Dans ces conditions, et compte tenu de l’importante
marge de manœuvre qui doit être laissée à l’autorité intimée, celle-ci n’a pas
violé son pouvoir d’appréciation en considérant que seul un retrait définitif
de l’autorisation d’exploiter de type A était de nature à sanctionner le
comportement de la recourante.
Au surplus, le tribunal relève que l’autorité
intimée a laissé, malgré la teneur de l’art. 102 RIT qui prévoit un délai de
« carence » de deux ans après un retrait définitif, la porte ouverte
à l’octroi d’une autorisation de type B qui permettrait à la recourante de
continuer d’effectuer des courses pour le compte de D.________.
7.
En définitive, il résulte de ce qui précède que le recours doit être
rejeté et la décision attaquée confirmée.
Dès lors qu’elle succombe, la recourante supportera
les frais de la cause, fixés à 2'000 francs (art. 49 al. 1 LPA-VD). Bien que
représentée par un mandataire professionnel, elle n’a pas droit à l’allocation
de dépens puisqu’elle n’obtient pas gain de cause (art. 55 LPA-VD).
Il n’y a pas lieu non plus d’allouer des dépens à
l’autorité intimée ni à la Commission administrative.

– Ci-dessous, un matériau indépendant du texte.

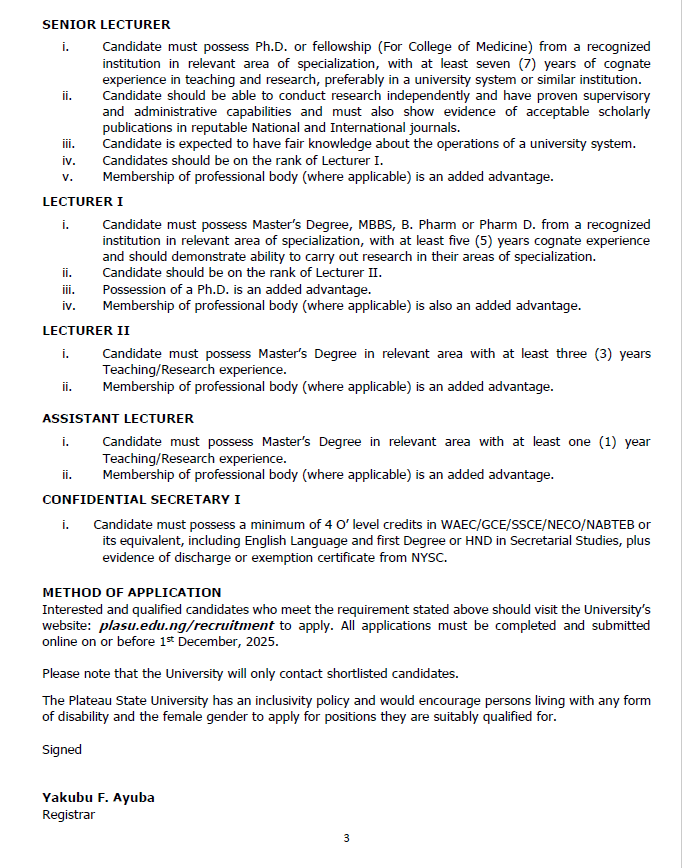 The Plateau State University has an inclusivity policy and would encourage persons living with any form of disability and the female gender to apply for positions they are suitably qualified for.
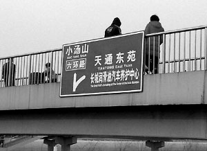 據(jù)了解,關(guān)于“山寨指路牌”的帖子最早出現(xiàn)在天通苑生活社區(qū)網(wǎng)的論壇里,題目為“金睛火眼辨真?zhèn)危捍蠹襾?lái)投票”,發(fā)帖者“飛揚(yáng)”稱,讓網(wǎng)友看看“這塊安裝在城鐵立水橋站天橋上的牌子是真是假”,并貼出圖片。
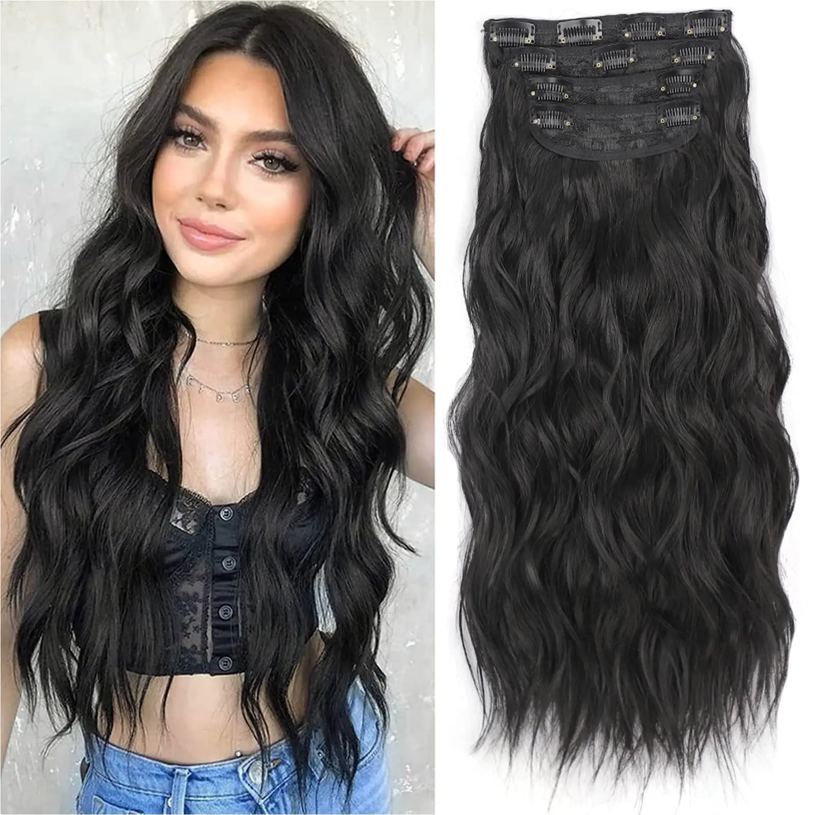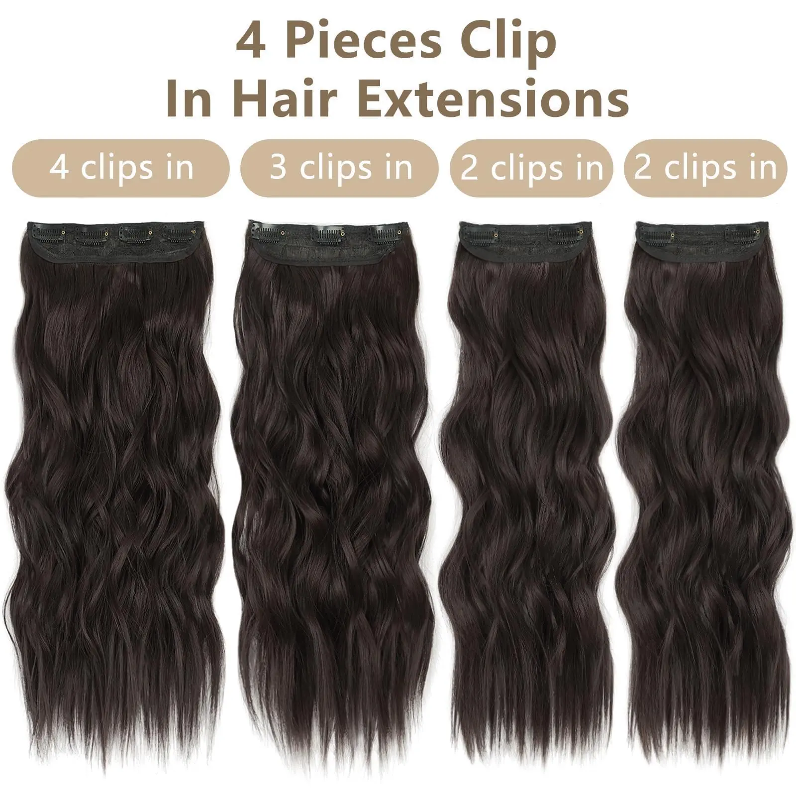Absolutely gorgeous extensions for synthetic. Full and wavy, more hair than I expected. Clasps are nice and sewn on well. Definitely would order from AISI HAIR AGAIN

Même si leurs écritures
ont été rédigées par des avocats inscrits au registre, ces derniers n’ont pas
agi en cette qualité mais en tant que membres d’autorités, respectivement en
tant que président de la Commission administrative du SIT pour Me F.________,
qui n’a au surplus pas conclu à l’allocation de dépens, et de
secrétaire-greffier du Comité de direction de l’Association intercommunale pour
Me G.________.
Par
ces motifs
la Cour de droit administratif et public
du Tribunal cantonal
arrête:
I.
Le recours est rejeté.
II.
La décision du Comité de direction de l’Association de communes de la
région lausannoise pour la réglementation du service des taxis, du 28 septembre
2015, est confirmée.
III.
Les frais de la cause par 2’000 fr. (deux mille francs) sont mis à la
charge de la recourante.
IV.
Il n’est pas alloué de dépens.
Lausanne, le 15 septembre 2016
Le
président:
Le présent arrêt est communiqué aux destinataires de
l'avis d'envoi ci-joint.
Il peut faire l'objet, dans les trente jours suivant sa
notification, d'un recours au Tribunal fédéral. Le recours en matière de droit
public s'exerce aux conditions des articles 82 ss de la loi du 17 juin 2005 sur
le Tribunal fédéral (LTF - RS 173.110), le recours constitutionnel subsidiaire
à celles des articles 113 ss LTF. Le mémoire de recours doit être rédigé dans
une langue officielle, indiquer les conclusions, les motifs et les moyens de
preuve, et être signé. Les motifs doivent exposer succinctement en quoi l’acte
attaqué viole le droit. Les pièces invoquées comme moyens de preuve doivent
être jointes au mémoire, pour autant qu’elles soient en mains de la partie; il
en va de même de la décision attaquée.